Re: RegEx handy examples (RegExMatch, RegExReplace)

16 Feb 2017, 11:09

Nice collection ,i already found some i will use.Thanks for posting :)
kon
Posts: 1760
Joined: 29 Sep 2013, 17:11

Re: RegEx handy examples (RegExMatch, RegExReplace)

16 Feb 2017, 11:37

This looks like a useful collection.

Just some suggestions, do with them what you will:

";Greed: By default..." -- This line is the only one that is very long. Perhaps some linefeeds are in order?

vList is used throughout. I suggest giving it a value of some sample text. Then add comments to each regular expression showing the expected result.

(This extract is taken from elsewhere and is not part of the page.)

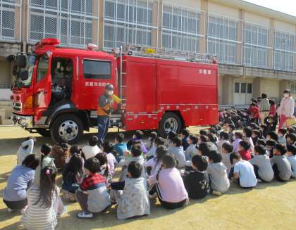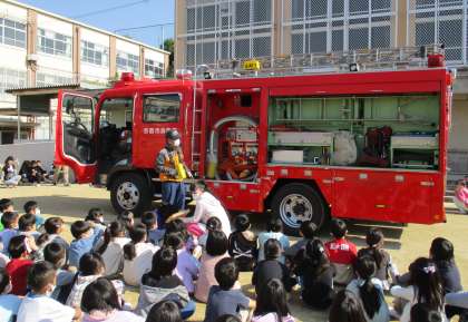 避難訓練後,1〜3年生とたいよう学級は消防車を見学させてもらいました。消防車は見たことがあっても,中がどうなっているのかを知っている子は少ないようで,子どもたちは興味津々で見ていました。

With a few modifications, this could be an actual working script that runs and shows the user the results of each regular expression.

The lack of indenting is painful for me to read, but I realize this is just personal preference. I don't think I'm in the minority though.

Sites like https://regex101.com/ are worth mentioning IMO. There are many, but that's the one I use. They are especially helpful when answering "Ask for Help" questions because you can save a link to your regular expression and post it for others to read. They explain what each symbol does, which saves a lot of typing-out explanations.

Edit:

Code: [Select all] [Download] GeSHi © Codebox Plus

;Is it possible to achieve the AutoHotkey RegEx 'options',
;by putting text in the needle proper?
;e.g. i m s U (case-insensitive matching, multiline, DotAll, ungreedy)
;e.g. `n `r `a
;see: https://autohotkey.com/docs/misc/RegEx-QuickRef.htm#Options

See https://www.autohotkey.com/docs/misc/Re ... htm#subpat specifically "Change options on-the-fly..."
User avatar
jeeswg
Posts: 2190
Joined: 19 Dec 2016, 01:58
Location: UK

Re: RegEx handy examples (RegExMatch, RegExReplace)

16 Feb 2017, 12:35

@noname
Thanks so much for you comments.
At the moment AHK v2 doesn't have if var in/contains/is type,
(I believe,) which had prompted me to seek various RegEx methods
in the meantime, leading to this collection.

@kon
[UPDATE:]
I split the line ';Greed: By default...'
I added indentation.
I added https://regex101.com/.
() I'm still to add in vText in more places.

@kon
'Greed: By default'
That line is long, it's a quote from the help,
I might split it up.

'vList is used throughout'
I used examples with vList at it happens,
I think you mean vText.
That's a tricky one, because that would double/triple
the lines used, and really bulk everything out.
To begin with at least, there are some that would definitely benefit
from example text, like the 'remove columns' ones,
so I'll add example text to those.

'The lack of indenting'
I counted 15 lines starting with 'if ',
with only 7 followed by lines (which would thereby
require indentation), in basic 2-line/4-line blocks.
[EDIT: and 7 lines beginning with 'Loop']
I'm sympathetic to people wanting indentation for
larger scripts.
It wouldn't be too hard for me to add that in,
and I might do, I'm curious though, is:

so much worse than:

People seem to be really allergic to non-indentation.
I think there should be a poll on this forum,
as to whether I should use indentation,
I've heard it a fair amount.
I don't mind when people don't use indentation,
and I use Notepad, so I get zero assistance when reading scripts.
Btw these comments on indentation are aimed at everyone,
not you specifically, just that I hadn't got round to posting them.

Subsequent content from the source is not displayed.